- Born: 1958 (age 67–68) Quebec, Canada
- Occupation: novelist
- Writing career
- Period: 1990s
- Notable work: Division of Surgery

= Donna McFarlane =

Canadian writer (born 1958)

Donna McFarlane (born 1958) is a Canadian writer, who was a shortlisted nominee for the Governor General's Award for English-language fiction at the 1994 Governor General's Awards for her novel Division of Surgery. Published by Women's Press of Canada, Division of Surgery was an autobiographical novel about McFarlane's own experience in the medical system after being diagnosed with Crohn's disease.

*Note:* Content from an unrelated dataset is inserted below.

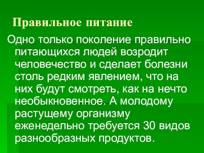 Одно только поколение правильно питающихся людей возродит человечество и сделает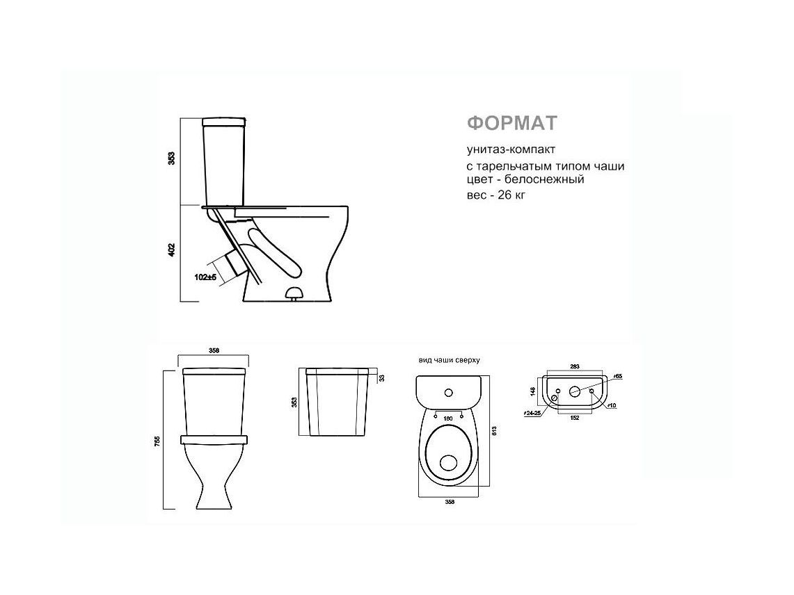 От санузла в современном жилье ждут удобства, чистоты и эстетичности. Согласны? Тогда «Формат» — то, что вам нужно. Удобный унитаз с продуманным дизайном по хорошей цене для тех, кто выбирает в сантехнике практичность и функциональность. В чаше имеется полочка-выступ, которая служит для противодействия всплеску воды.

Born in Quebec and raised in Ottawa, McFarlane graduated from York University in 1982 with a Bachelor of Fine Arts, and was working as a librarian at the time of her Crohn's diagnosis. The novel began life as a journal that she kept during her hospital stays, and later submitted to CKLN-FM after Arnie Achtman's documentary series Life Rattle broadcast a story about another woman battling chronic illness. Achtman helped McFarlane organize her notes into a novel, and later became McFarlane's partner.

The doctor in the novel, known only by the name "The Prophet", was based on Mount Sinai Hospital surgeon Zane Cohen.

At the time of her award nomination, she was working as a program coordinator for Windfall, a charity organization that distributed clothing to needy women. She subsequently published a number of short stories in literary magazines, but has not published any further books.